".. not created from pressure" ?... Wouldn't you need pressure to resist the turning force that is required by Sir Issac's elegant laws of motion? (No pressure would mean no turning).
The pressures in the left-right sinusoidal turning translate directly into the up-down virtual roller pressure that the skier would experience.
I described the inclined plane, and I described the change in effective slope. Certainly, if a skier was to travel over rollers then changes in pressure would need to be dealt with.
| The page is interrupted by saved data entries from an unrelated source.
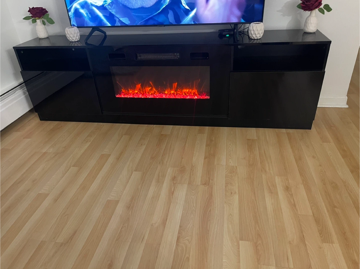 Black Electric Fireplace Media Console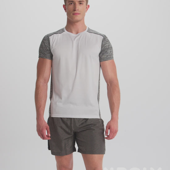 Bermuda con dos tejidos y slip interior. Cinturilla elástica con cordón interior cruzado a contraste. Banda lateral e interior de la pierna en tejido transpirable. Dos bolsillos laterales. Apertura lateral en el bajo con forma asimétrica.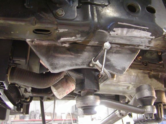 With the rear axle finished, it was time to tackle the power steering situation. The stock Titan steering uses a rack and pinion type steering. This style of steering will not work with a straight axle. We needed to find a power steering gear box to mount on the frame rail. Phil finished cutting off all of the IFS mounts and cleaned up the frame rails, while I searched though my Napa books to find a steering box that would fit our application.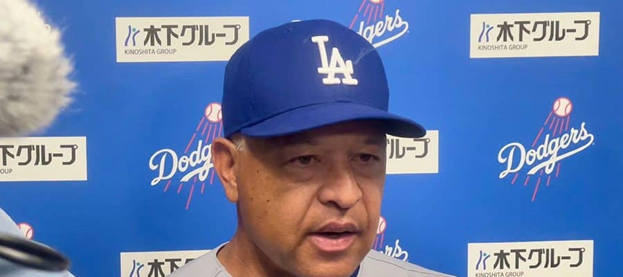 試合後の取材に応じたドジャースのデーブ・ロバーツ監督【写真:小谷真弥】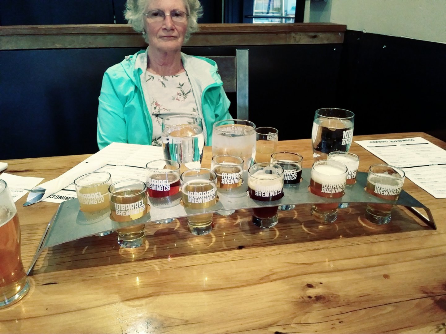 Wowie they had some drinking to do bob and what a fine gentlemen you are shoffering around the ladiesI was the DD today, so only had a couple sips until we got to 10 Barrel, about a mile from where we're staying. Had lunch and a pint of Apocalypse there. Daughter was glad to be able to drill since I was driving. She ordered their flight of 10 and finished it after sampling at 2 other breweries and a pint of cider. Definitely related to me.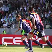 On 11 September, Jelavić scored his first Rangers goal against Hamilton Academical at New Douglas Park after he headed in a Kyle Lafferty cross.[12] On 21 September, Jelavić played against Dunfermline Athletic in the League Cup, scoring two goals in the game including an overhead kick in a 7–2 win for Rangers.[13] In Rangers next away match to Aberdeen at Pittodrie, Jelavić scored what the winning goal in a 3–2 Rangers win. Rangers were 2–0 down before coming back to win the match with Jelavić scoring the third Rangers goal. The next week Jelavić was injured in a match against Hearts at Tynecastle, suffering ankle ligament damage due to a tackle by Hearts midfielder Ian Black.[14] Jelavić claimed that Black had intended to injure him, a charge denied by his opponent, who apologized for the challenge.[14] He scored two goals in a match against Dundee United in October 2011.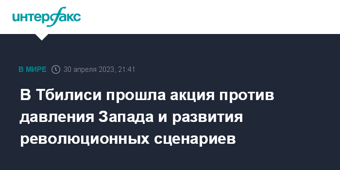 Москва. 30 апреля. INTERFAX.RU - В Тбилиси в воскресенье прошла многотысячная акция за мир и стабильность, против развития в Грузии революционных сценариев и давления Запада.
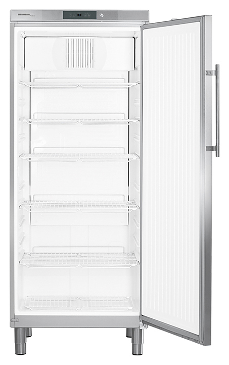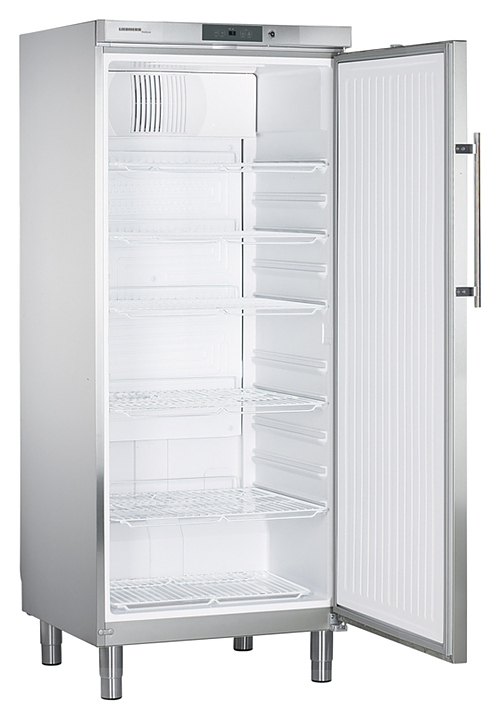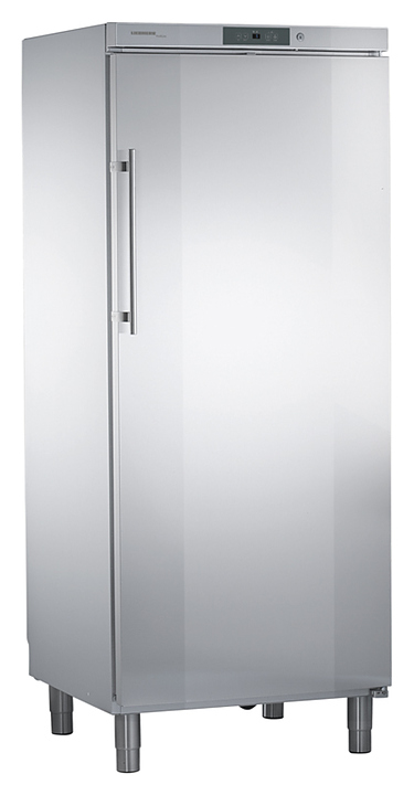 Холодильный шкаф Liebherr GKv 5790 предназначен для охлаждения и кратковременного хранения скоропортящихся продуктов и напитков на предприятиях общественного питания и торговли. Модель оснащена электронным управлением и цифровой индикацией температуры. Внутренняя прокладка выполнена из белого полистирола, корпус и дверь - из нержавеющей стали, покрытие решеток - из пластика. Особенности: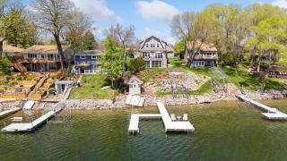 Nestled along the serene shores of highly coveted Lower Prior Lake, this exceptional Cape Cod-style residence seamlessly blends timeless elegance with modern luxury. Boasting expansive southern-facing water views, the home captures breathtaking sunrises and sunsets. Step inside to discover rich walnut flooring and impeccable craftsmanship throughout, where every detail reflects thoughtful design. The heart of the home is an expansive great room, anchored by a cozy fireplace and floor-to-ceiling windows that frame the stunning lakefront setting. The chef’s kitchen is a culinary dream, featuring custom cabinetry, an oversized island perfect for entertaining, and top-of-the-line appliances, including a Sub-Zero refrigerator/freezer and Thermador suite. Calcutta and Carrara marble surfaces are found throughout the home, complemented by premium Rohl and Perrin & Rowe fixtures. Upstairs, the spa-like primary suite offers a true retreat, with a luxurious en-suite bath, oversized soaking tub, and tranquil lake views. Additional bedrooms and guest accommodations provide generous space for family and visitors. For remote work or guests, a 632-square-foot private suite above the garage includes a bathroom, kitchenette with built-in beverage refrigerator, sleeping area, and its own mini-split HVAC system—ideal for comfort and productivity, all with serene views. A lakeside boathouse ensures seamless access to water activities—from boating and kayaking to simply enjoying the lakefront lifestyle. Designed for entertaining, the home features multiple indoor and outdoor gathering spaces, including a maintenance-free Brazilian cherry wood deck and a stamped concrete patio. Every element of this property has been carefully curated to offer warmth, sophistication, and effortless lakeside living. All this—just 30 minutes from downtown Minneapolis and 25 minutes from MSP Airport—makes this extraordinary home a true one-of-a-kind opportunity on a full recreational lake.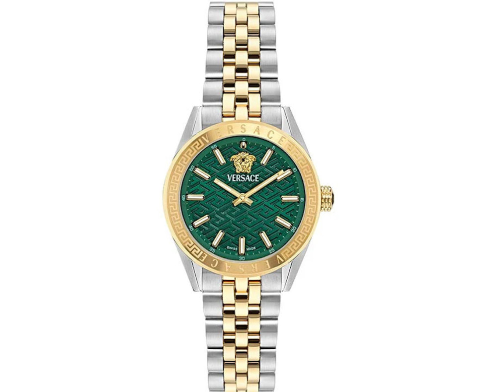 Kvarts Naine Käekell Versace VE8I00424, Roostevaba teras korpusega, läbimõõduga 36 mm, Safiiri töötlusega mineraal klaasist, Roheline sihverplaadi ja Kahetooniline Roostevaba teras rihm.
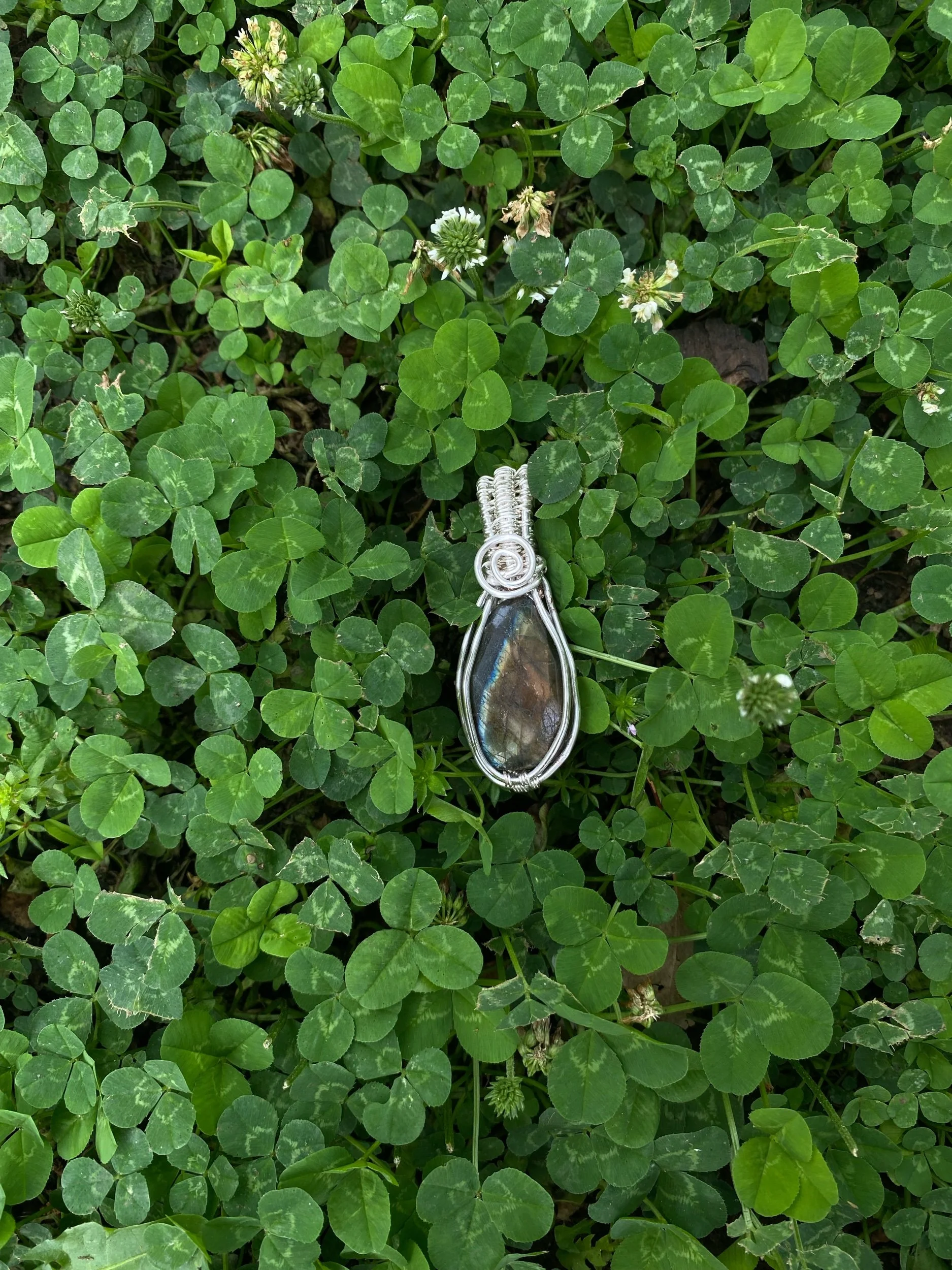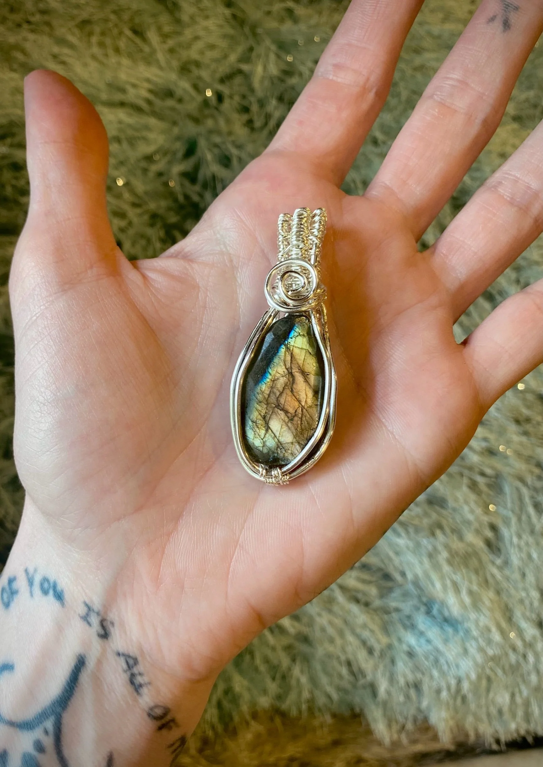 This beautiful Labradorite is wrapped in a shiny silver wire.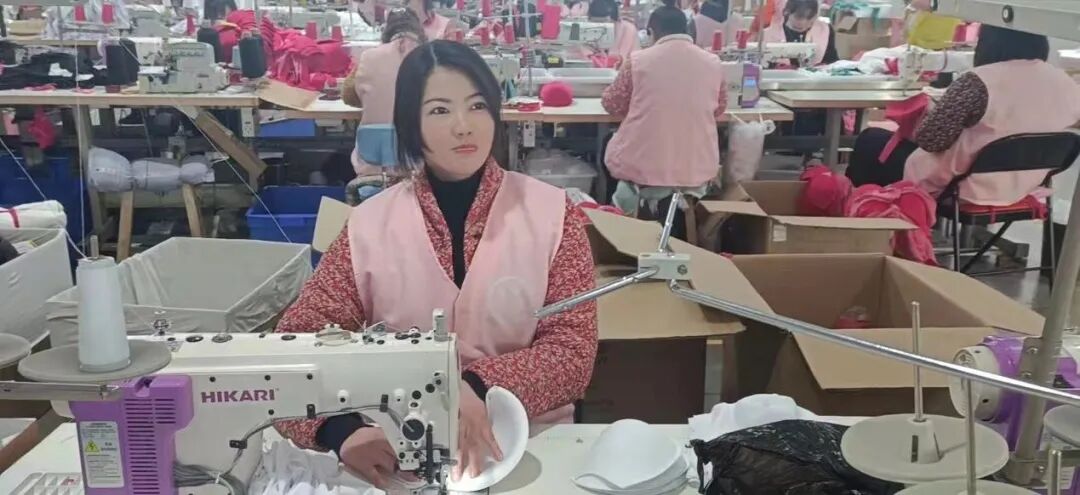 “我叫宁小希,是两个孩子的妈妈,来天派工作7个多月了,在这里上班真好,既能挣钱补贴家用,又能照顾孩子,”说话间,一件内衣在宁小希熟练地操作下已经成型。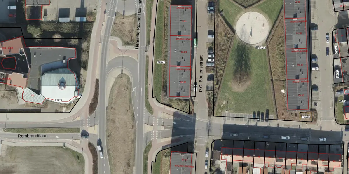 Het perceel waarop P.C. Boutensstraat 35 staat heeft een oppervlakte van 1590 m². Dit is een zeer groot perceel. De perceeloppervlakte wordt geregistreerd door het Kadaster. Gedetailleerde informatie over de maten van dit perceel kunt u vinden in het rapport Kadastrale kaart met maatvoering van P.C. Boutensstraat 35.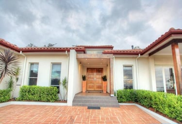 Custom hillside home balancing structure and simplicity, using natural stone and timber to blend with the landscape, ensuring buildability and council approval.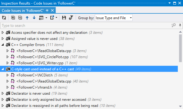 在结果就绪后,您可以按照多个条件对它们进行分组以及通过搜索来查找特定类型的问题。 您还可以保存和加载 Find Code Issues 结果的报告。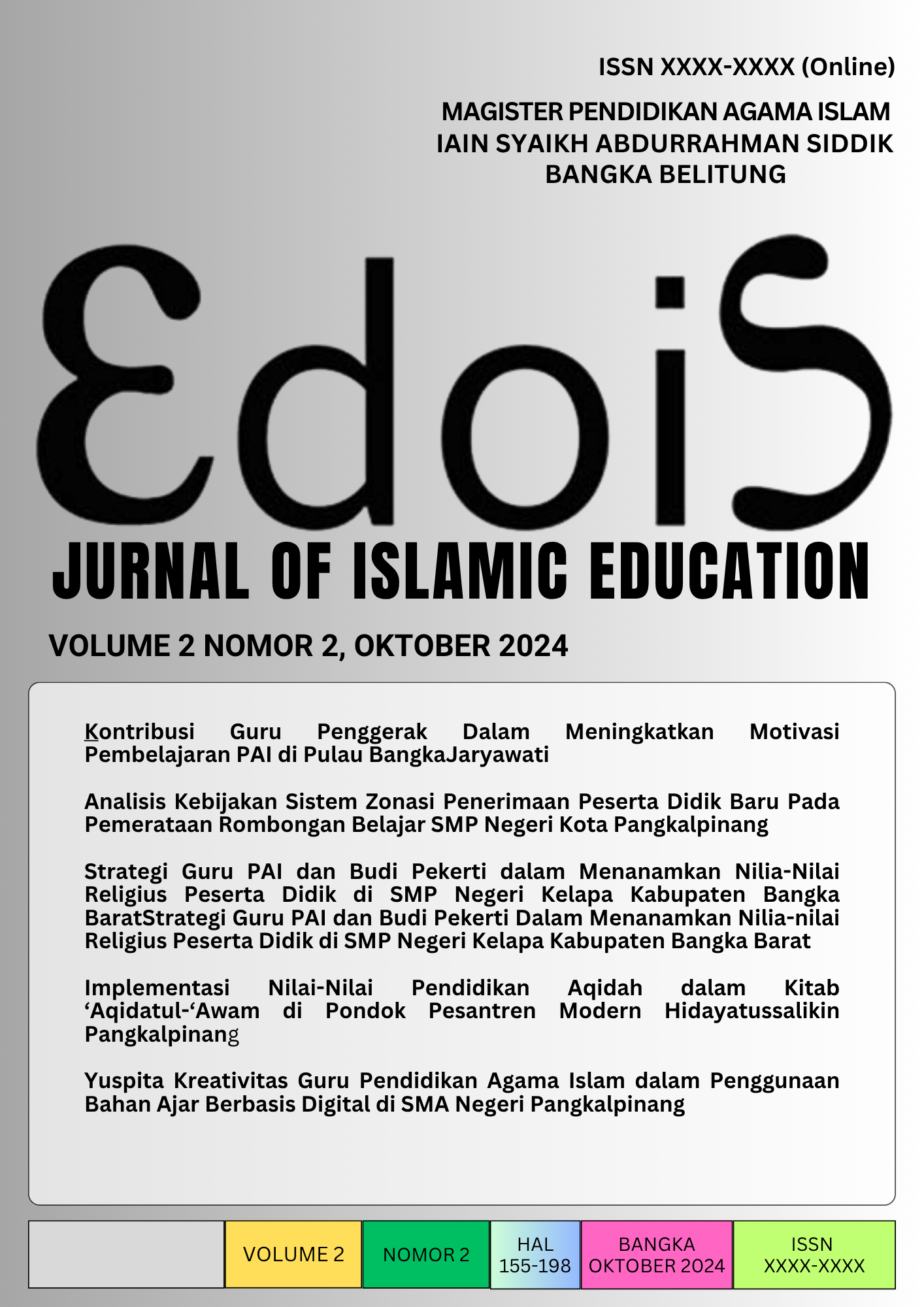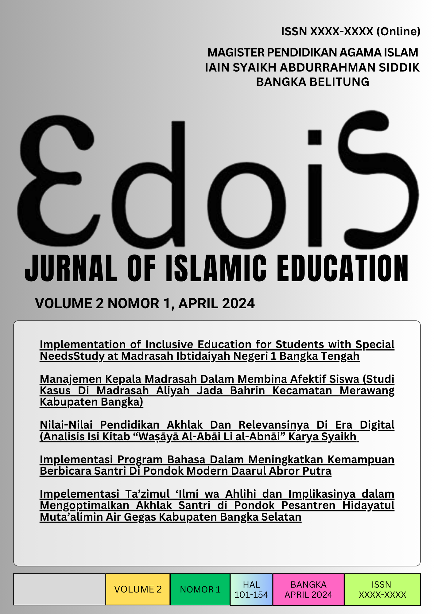 Vol. 1 No. 1 (2023)In this initial issues, we provide the following articles: 1) Keunggulan Pembelajaran Seni Baca Al-Qur’an Di Pondok Pesantren Nurul Falah Airmesu Timur; 2) Pengaruh Kepemimpinan Dan Motivasi Kerja Kiyai Terhadap Kinerja Guru Di Pondok Pesantren Modern Hidayatussalikin Pangkalpinang Bangka Belitung; 3) Dekonstruksi Konsep Moderasi Beragama Dalam Proses Pembelajaran; 4) Dekonstruksi Konsep Moderasi Beragama Dalam Proses Pembelajaran 5) Implementasi Dan Implikasi Proyek “Madrosati Jannati” Dalam Meningkatkan Akhlakul Karimah Peserta Didik Sd Segeri 24 Muntok Kabupaten Bangka Barat

The skier encounters a hill of increasing pressure, followed by a downslope of decreasing pressure - at which point the skier can add some of his own drive to pump the turn.
If it was a bump - the skier would pop. On the lateral, the skier would not so much pop as shoot forwards (as in the 'accellerative turn' diagram diagram I cribbed from Brodie et. al.)
I don't think you need to contradict anything I wrote in order to add to the debate.
I don't have time to read past this post, so maybe it has already been dealt with, but the "virtual bump" exists in addition to any turning pressures required to cause you to turn. If you can visualize your tracks on the snow as railroad tracks, then take away the snow and imagine a roller coaster going along on those rails you will see there are turns and "bumps" that are sections of horizontal track between sections of descending tracks (much like the flights of stairs and stair landings you would get if you straightened the line).